Timnas Senegal.
JawaPos.com - Peluncuran jersi terbaru Timnas Senegal untuk Piala Dunia 2026 memicu tanda tanya di kalangan penggemar. Pasalnya, seragam anyar tersebut hanya menampilkan satu bintang, meski sebelumnya Senegal sempat dikaitkan dengan dua gelar Piala Afrika.
Jersi yang diproduksi oleh Puma itu resmi diperkenalkan pada Jumat (20/3). Dalam desain tersebut, hanya ada satu bintang yang merepresentasikan gelar juara Piala Afrika 2021.
Tidak terlihat adanya bintang kedua yang sempat menjadi perbincangan usai turnamen edisi 2025.
Situasi ini tak lepas dari polemik besar yang terjadi setelah gelar Senegal di Piala Afrika 2025 dicabut secara kontroversial.
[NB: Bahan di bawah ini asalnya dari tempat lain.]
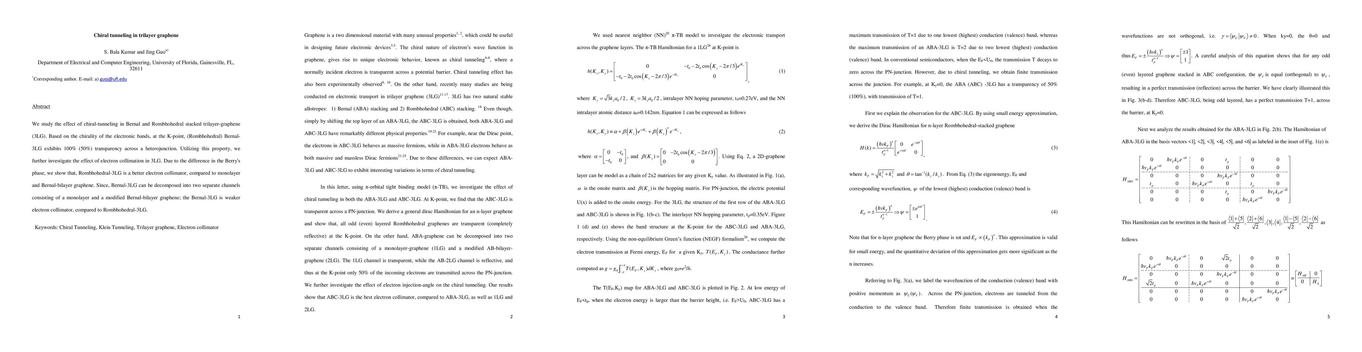 Summary: The research investigates chiral tunneling effects in trilayer graphene configurations, finding that Rombhohedral-stacked 3LG shows superior electron collimation due to its unique electronic band chirality, while Bernal-stacked 3LG, though composed of a monolayer and modified Bernal bilayer, is a weaker collimator.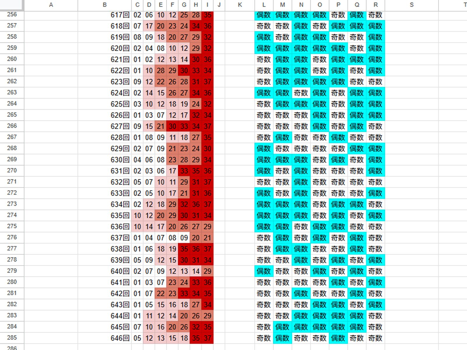 このように表で書き出してみると、一見バラバラに見えますが、実は偶数が続いたり奇数が続いたりしているので、この数字の流れをどう判断して予想していくのか?は、人それぞれの考え方次第です。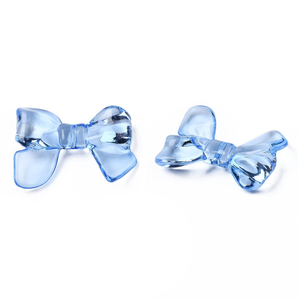 Koraliki akrylowe kokardki, piękne żywe kolory, pakowane po 6 sztuk w woreczku strunowym.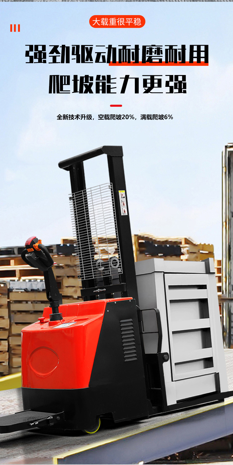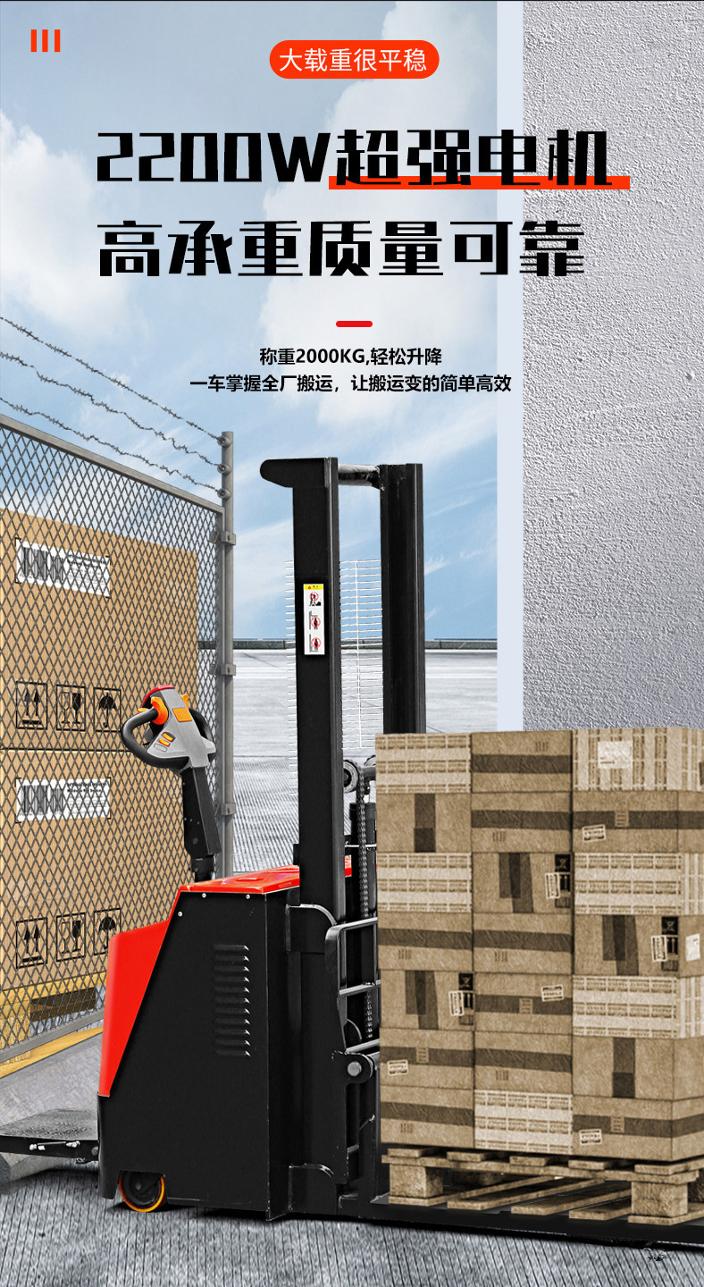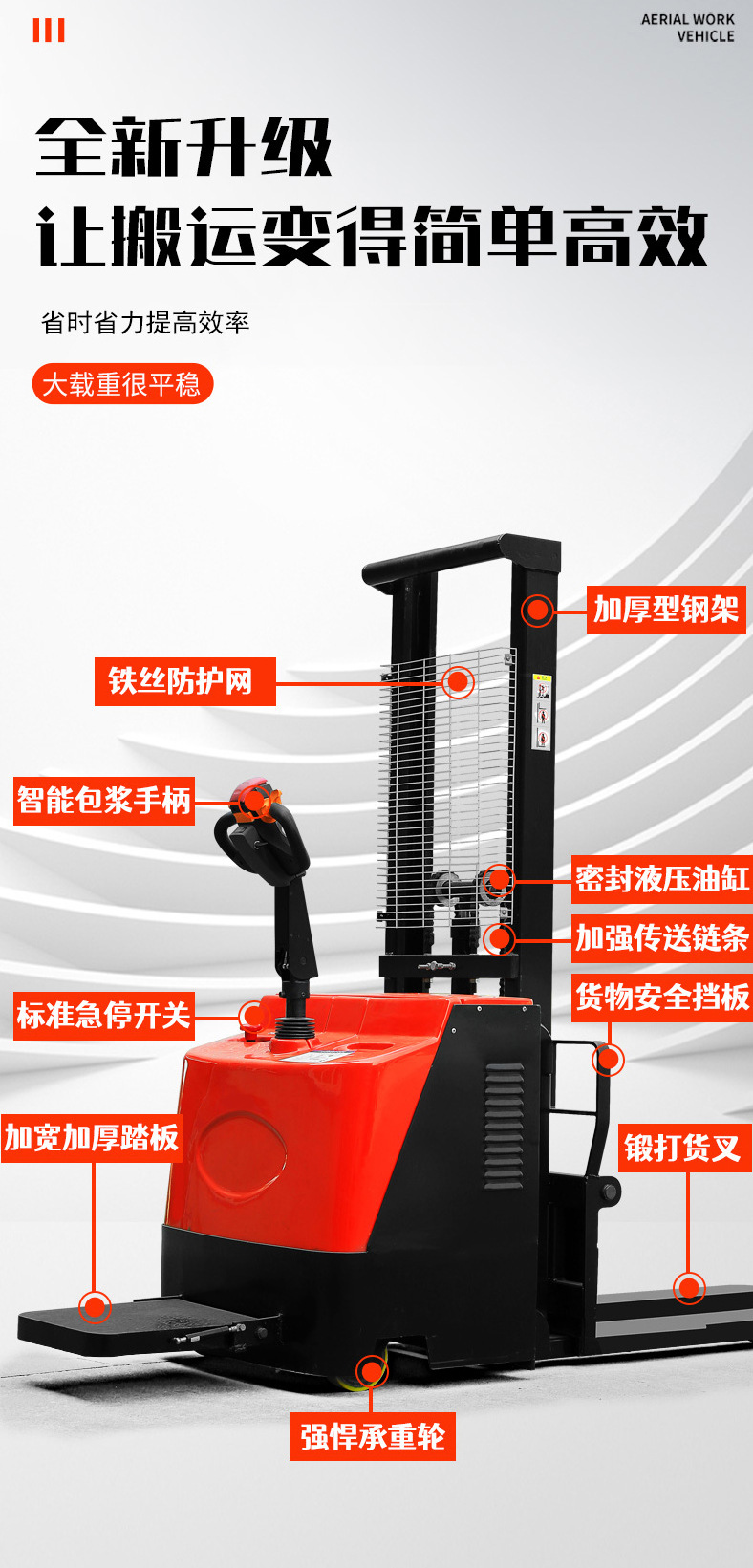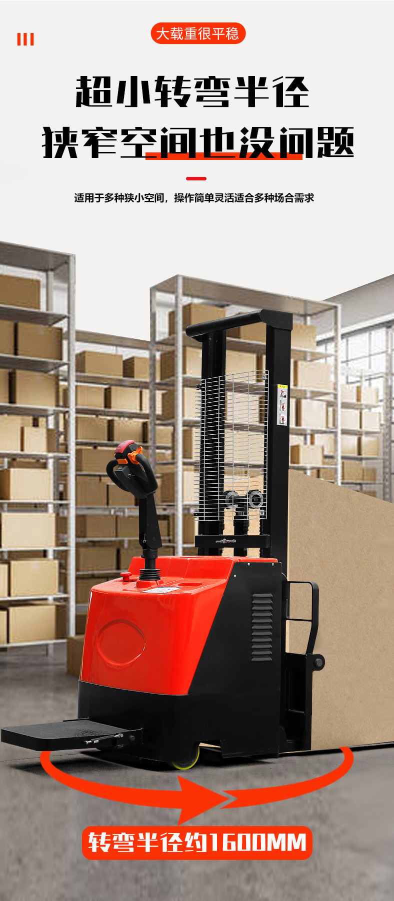 堆高车全电动1.5吨站驾式液压升降装卸车电动堆高叉车货物搬运车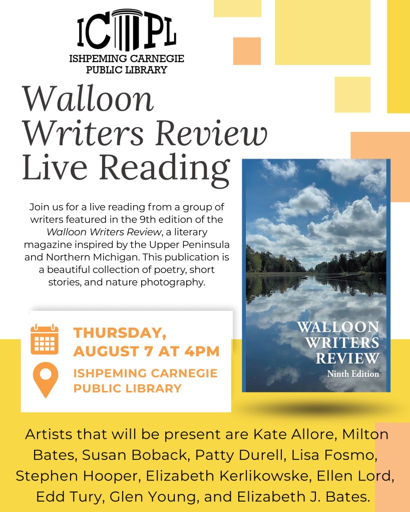 Join us for a fun afternoon at the Ishpeming Carnegie Library! Come and experience the original contributors reading their selections from Walloon Writers Review Ninth Edition and more. We are pleased to announce that Traverse City poet Katherine Roth will be reading with us. Meet the contributors, founder Jennifer Huder and enjoy a display of nature photography from Elizabeth J. Bates, Tom Barrat, and Kate Allore, as well as a few artifacts that accompany Susan Phare Boback’s short story.

Gelar tersebut kemudian dialihkan kepada tuan rumah, Timnas Maroko, sehingga berdampak langsung pada identitas simbolik di jersi.
Menanggapi reaksi publik, Federasi Sepak Bola Senegal memberikan klarifikasi resmi.
Dalam pernyataannya, FSF menjelaskan bahwa proses produksi jersi sudah dimulai jauh sebelum turnamen berlangsung, tepatnya sejak Agustus 2025. Hal ini membuat perubahan desain secara mendadak tidak memungkinkan.
Federasi Sepakbola Senegal beralasan produksi jersi ini telah dimulai sejak Agustus 2025 oleh apparel Puma, sebelum Piala Afrika terakhir berlangsung. Setelah kemenangan di Piala Africa, tenggat produksi dan kendala industri membuat proses tersebut tidak dapat dihentikan.
Federasi juga memastikan bahwa jersi dengan dua bintang sebenarnya sedang dalam tahap produksi. Rencananya, versi terbaru tersebut akan dirilis pada September mendatang. FSF pun menyampaikan permohonan maaf atas kebingungan yang muncul serta mengapresiasi dukungan para suporter.
Di sisi lain, situasi unik juga terjadi pada jersi Timnas Maroko. Meski kini diakui sebagai juara Piala Afrika 2025, jersi mereka untuk Piala Dunia 2026 justru tidak menampilkan satu pun bintang. Bahkan, gelar lama mereka pada 1976 pun tidak tercantum dalam desain tersebut.
Fakta ini menimbulkan perdebatan tersendiri di kalangan penggemar sepak bola Afrika. Banyak yang mempertanyakan konsistensi penggunaan simbol bintang sebagai penanda prestasi, terutama di tengah dinamika keputusan administratif yang berubah-ubah.